This is the fifth of Tracy Chevalier’s eight absorbing historical novels I’ve read, and in my view it’s the best so far. I was completely sucked in to this story of mid-nineteenth-century pioneer life in America, couldn’t put it down, and couldn’t stop thinking about it once I’d finished.

Chevalier’s previous novel, The Last Runaway, which was about Quakerism, quilting and slavery, was set in 1850s Ohio, and so too is the opening section of At the Edge of the Orchard. But this is a very different environment from the small Quaker village we encountered last time round. Here we are in an area called the Black Swamp, which is every bit as unpleasant and inhospitable as the name suggests. James Goodenough, originally from Connecticut, has moved his large family there in the 1830s, seeking a new, quiet, empty place to indulge his passion for growing apples. But, as every year the family is decimated by swamp fever, and James’s once happy-go-lucky wife Sadie becomes an angry, vicious alcoholic, the family settles into an ever deeper trough of unhappiness. Then something unspeakable happens – literally unspeakable, as we don’t learn what it was until well into the novel – and the family’s youngest son Robert, aged only nine, leaves home and heads west.

The next fifteen or so years of Robert’s life are told in a series of moving letters, which he writes home once a year, despite never receiving any replies. Here we see him moving around the country, taking whatever jobs come his way – looking after horses, a period as a gold-digger – until a chance meeting changes the direction of his life completely. By now he is in northern California, visiting a grove of sequoia trees, which has become a tourist attraction, and there he encounters the English plantsman William Lobb. Lobb takes the young man on as an assistant, and the two of them continue with Lobb’s profitable business of gathering seeds and seedlings, to be shipped back to England for avid plant and tree collectors.

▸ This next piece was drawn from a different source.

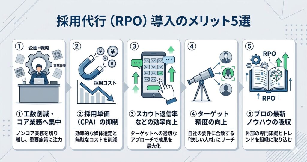 採用代行を導入することで得られるメリットは、コスト面や業務効率だけでなく、採用の質そのものを向上させる効果も含まれます。ここでは、代表的な5つのメリットについて詳しく解説します。

All this is very interesting, and is based on Chevalier’s usual impeccable historical research. A number of real historical people and places figure here, including William Lobb the plant collector and Calaveras Grove, where the newly discovered sequoias were turned into tourist attractions – complete with a bowling alley and a dance-floor on a felled tree stump — in the 1850s. In fact all in all, the novel provides a wonderfully vivid picture of young, developing north America. But this is Robert’s story, and it is through his experiences and those of his family that the background detail comes to life.  It’s hard to imagine how a nine-year-old child could have survived alone, wandering from place to place and job to job, and there are only glimpses of this, available through his initially childlike letters. By the time he comes fully into the picture, he is a young man, independent and strong in his own way. He’s seen as exceptional by most of the people he encounters, mainly because he doesn’t smoke, drink or go with women, though he does acquire an occasional, casual relationship with the irrepressible Molly. Emotionally, too, there’s clearly something unusual about Robert: he never talks in detail about his past, especially his childhood, and studiously avoids close relationships. Despite his reserve, though, he is much liked and respected as a good man and a reliable one. But it takes a reunion and a tragedy to move Robert forward into a challenging future, full of promise, in which it is clear that the barriers he has erected round his heart will be finally broken down.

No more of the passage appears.